→ TRY IT: Pictures in the entries below are excluded; copy only the lines from the one containing "def test(num): assert" to the one containing "PoorThis is a", both included.

→ RECORDS FOR THIS EXERCISE:
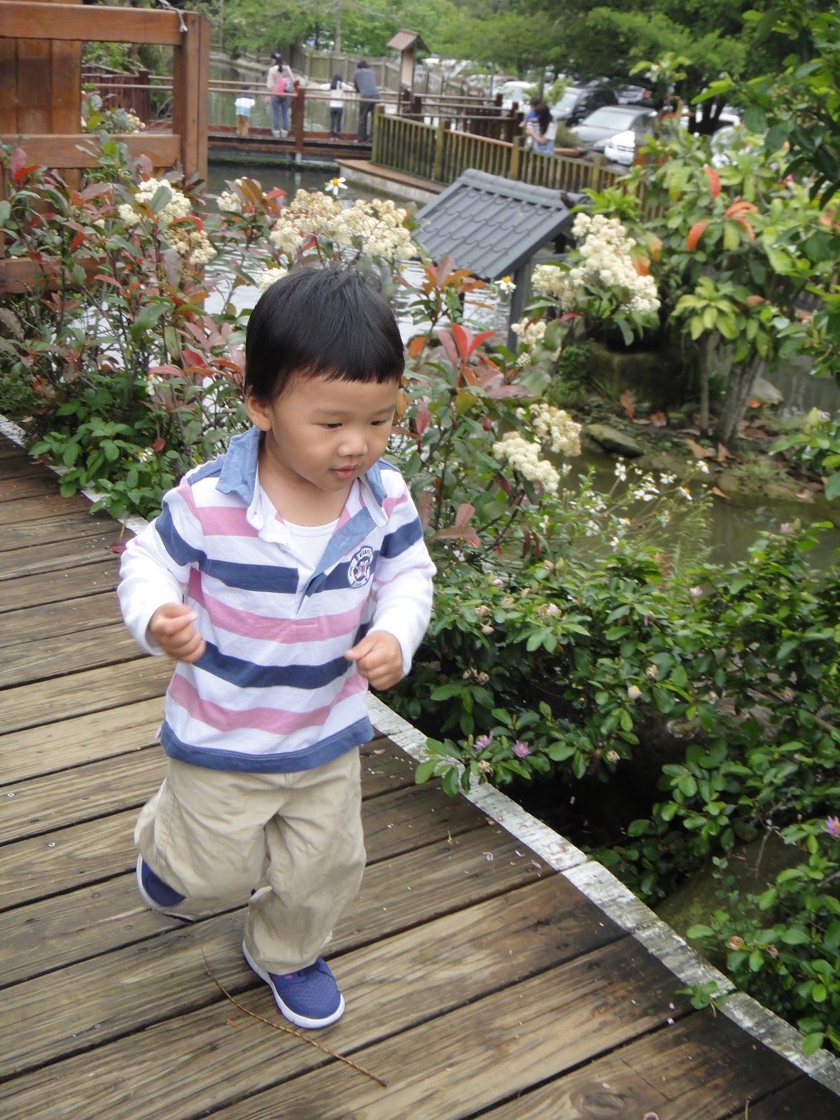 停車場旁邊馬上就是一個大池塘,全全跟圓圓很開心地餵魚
* * *
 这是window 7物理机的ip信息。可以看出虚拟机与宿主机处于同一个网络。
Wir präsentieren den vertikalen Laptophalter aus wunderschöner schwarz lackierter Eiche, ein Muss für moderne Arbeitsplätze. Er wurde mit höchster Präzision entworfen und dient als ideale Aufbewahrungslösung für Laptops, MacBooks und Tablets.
--
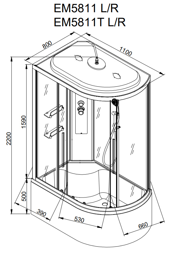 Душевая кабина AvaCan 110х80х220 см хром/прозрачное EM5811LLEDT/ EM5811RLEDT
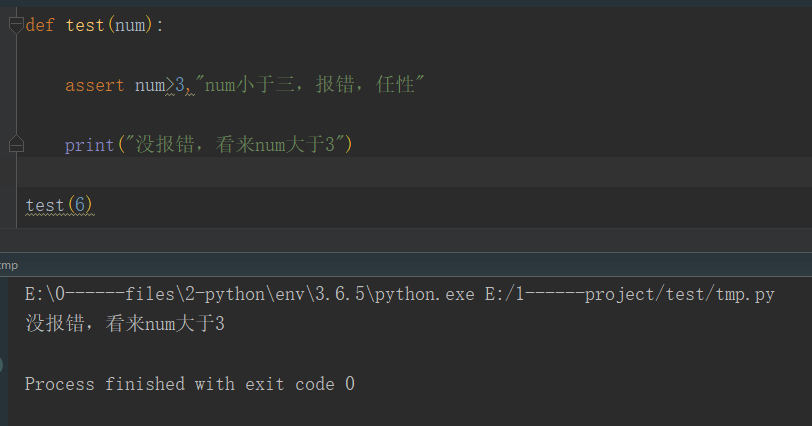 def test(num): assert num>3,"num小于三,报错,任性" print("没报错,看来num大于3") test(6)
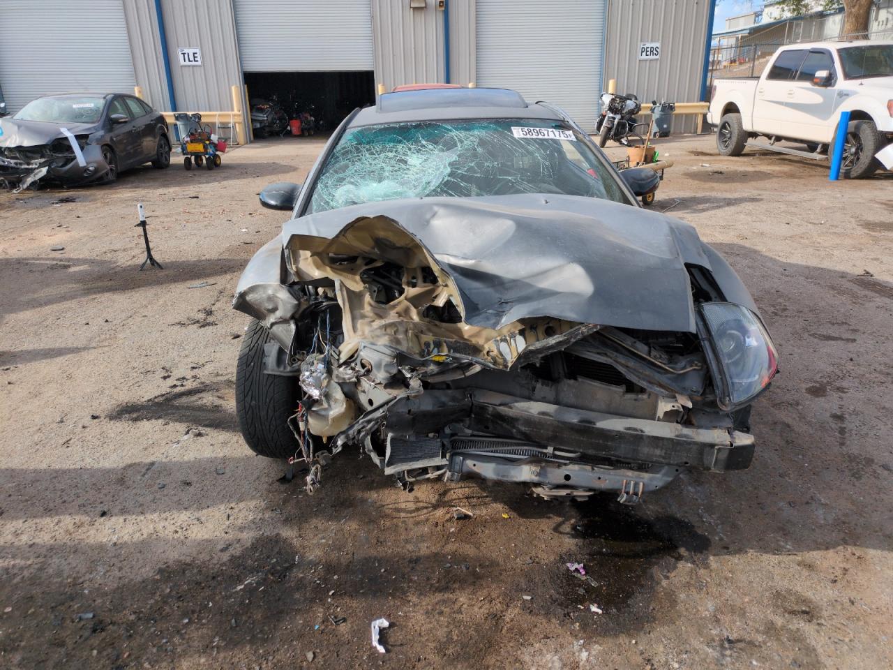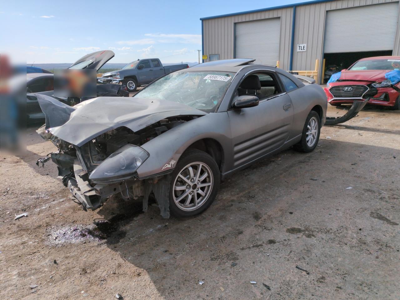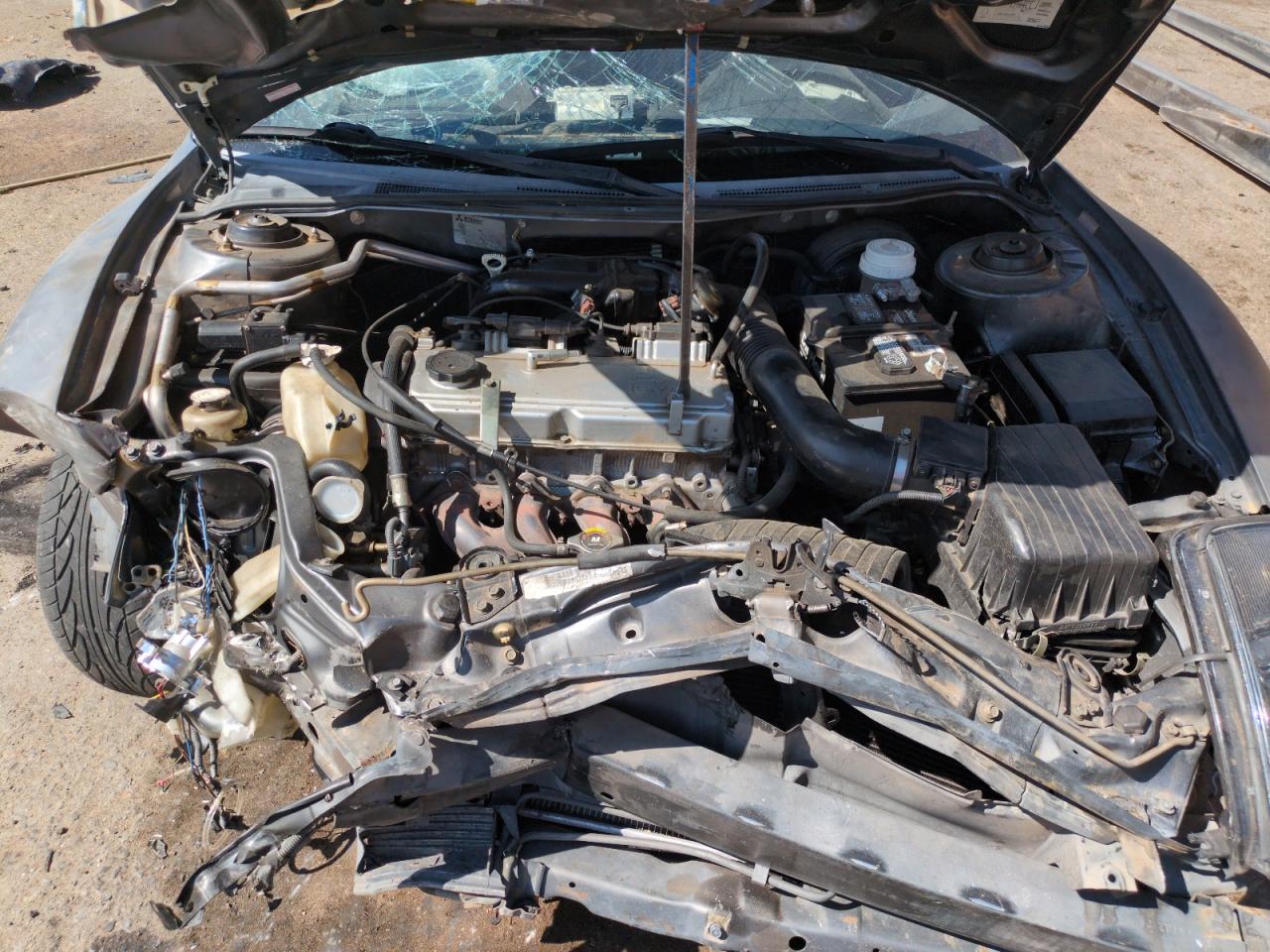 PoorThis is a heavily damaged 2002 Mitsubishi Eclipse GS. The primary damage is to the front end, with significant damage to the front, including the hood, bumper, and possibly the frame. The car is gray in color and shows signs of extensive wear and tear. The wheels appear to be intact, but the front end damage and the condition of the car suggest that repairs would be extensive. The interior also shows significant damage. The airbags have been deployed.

→ OUTPUT:
 def test(num): assert num>3,"num小于三,报错,任性" print("没报错,看来num大于3") test(6)
 PoorThis is a heavily damaged 2002 Mitsubishi Eclipse GS. The primary damage is to the front end, with significant damage to the front, including the hood, bumper, and possibly the frame. The car is gray in color and shows signs of extensive wear and tear. The wheels appear to be intact, but the front end damage and the condition of the car suggest that repairs would be extensive. The interior also shows significant damage. The airbags have been deployed.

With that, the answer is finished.